(1) From the Playbill Tony backstage blog:
11:14 PM The happiest producers of the evening have now joined the press folk: the Spring Awakening producers. When asked whether there are other productions planned of the Tony-winning Best Musical, the producers said, "Yes, we do. There’s going to be a road company. It’s already taking form now. I think we already have 72 weeks booked, and then there’s going to be productions in England, in Germany, Austria, France, Spain, Japan, Korea, Israel, Australia. We’re getting inquiries from all over the world." The producers said Germany and Austria are particularly excited over the prospect of presenting the musical, which is not too surprising since the work is based on the Frank Wedekind drama of the same name.
(2) Also, Pirate Queen out; Young Frankenstein in — previews start October 11.
(3) Good article on Broadway bloopers. An example:
JONATHAN GROFF stars in the hit Off-Broadway transfer "Spring Awakening," for which he is nominated as lead actor.
Near-disaster: As Melchior in "Spring Awakening."
"There’s a scene where I’m supposed to beat [actress] Lea Michele with a switch.

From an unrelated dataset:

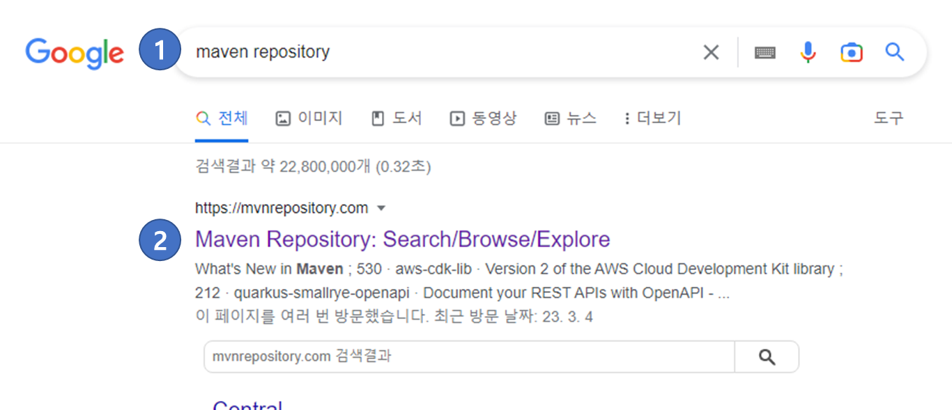 라이브러리를 다운 받기 위해 구글에 maven repository 로 검색하자(1)

I don’t know if I was getting stronger or the sticks were getting weaker, but for five performances in a row, they kept breaking. The day Sarah Jessica Parker was in the audience, it broke and flew into the seventh row, and it hit some lady in the head."
There are also contributions from Nathan Lane, Brian Dennehy, Kristin Chenowith…
(4) Mo Rocca’s thoughts on the nominated plays:
The Plays: Oh, right, the plays. This is where everyone feels a little bit guilty. They don’t get the attention of the press. They don’t get the dollars from the tourists. They don’t get much play on the Tony telecast. (To be fair: Would you rather watch the cast of Mary Poppins kick up their heels to ”Supercalifragilistic” or…listen to The Year of Magical Thinking‘s Vanessa Redgrave drone on about what a drag it is being a widow? Be honest!) Still, this year’s crop of Best Play nominees is imposing, Tom Stoppard’s Coast of Utopia and Peter Morgan’s Frost/Nixon among them. I really should go see them.
(5) Does winning a Tony make a difference? Depends:
Jeff Whitty, Tony-winning librettist of Avenue Q: "We were doing fine, but we weren’t playing to capacity. After we won the Tony, we were brought up to capacity. The premise [of the show] is so hard to get across. People thought it was a children’s show, and it is adolescent and smutty. Winning the Tony pushed people over their initial reluctance to see a show with puppets."
Harold Prince, who received one of his 21 Tonys as director of The Phantom of the Opera: "I wish I could say that the Tony Award had genuine impact . . . but I think we were running strong even before we arrived in America [from London]. It didn’t make much [immediate] difference [at the box office]. However, had we lost it . . . who knows?"
(6) With Spring Awakening, there are 7 other Tony-Winning "Best Musicals" still playing on Broadway. Can you name them? (No, we’re not counting revivals of A Chorus Line and Les Miz, which both won "Best Musical" for the original productions). Answers below the fold…
Spring Awakening joins The Phantom of the Opera (1988), Rent (1996), The Lion King (1998), Hairspray (2003), Avenue Q (2004), Monty Python’s Spamalot (2005) and Jersey Boys (2006).